Going forward from the status turned out to be a bit easier, as the start of the preview, preview_html, body and body_html of each post would always begin with a HTML-tag starting “<” (an artifact of the WYSIWYG editor Webiva uses and the glorious consistency of the bloggers writing the posts) This meant that unless any of the fields happened to be exactly 0x3C characters long the rest of the data was pretty manageable.

This technique was extended to another table that contained a search index containing the url of the post along with a slightly-less incomplete version of the title. Merging those two records then running the title through the Bing API, pulling down the cached version of the first page that matched the URL of the website and using the Ruby Nokogiri library pull out various pieces filled in some more of the data.

In the end there wasn’t a silver bullet.

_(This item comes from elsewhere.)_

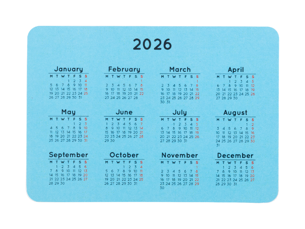 Individueller Taschenkalender aus Papierkarton (270 g / m²). Der Preis ist inkl. beidseitigem Digitaldruck. Mindestmenge: 250 Stk.

Recovering all the data required a combination of parsing the blog_post_revisions.MYD file, parsing the search index content_node_values.MYD file, parsing the production.log files for any missing url and finally hitting the Bing API for cached versions of pages when all that failed to pull the user data. I lost that Thursday, Friday and then the entire weekend that followed mixing and matching data where I could to piece together the content for the site. But in the end what I thought originally was going to be impossible turned out to be entirely doable with a little bit of metaphorical elbow grease.

This post will end the same way as the many other people who recount harrowing tales of partially-avoided data loss tend to end their posts: reminding you not to suffer the same fate as I and double check your backups right now. Even if it’s not a machine you’re employed to maintain, if you are going to be the one recovering the data, go ahead, log-on and double check your backups. You’ll thank me later.

For those of you found this post for whom it’s too late, know that with a little bit of luck you probably have more of the data for lost site than you think, you’ll just need to look at all your options for pulling the site out of the cloud and the MYSQL-binary-format badlands.

When it was all said and done, we were able to get all but a few of the 2000 lost posts back and I lost out on a gorgeous weekend here in Boston (ok a gorgeous Saturday, Sunday was cold and rainy) that would have been much better spent in ways other than traipsing around the specific of MySQL’s binary format and violating the Bing API’s terms of use.

P.S. The Bing API actually Rocks. Microsoft has done what Google has specifically outlawed users from doing: hitting their API to generate custom search results for users on the server side. Who would have guessed 5 years ago that Google would now habitually play the role of restrictive, privacy violating bad guys, while Microsoft would come to the rescue as API saviors?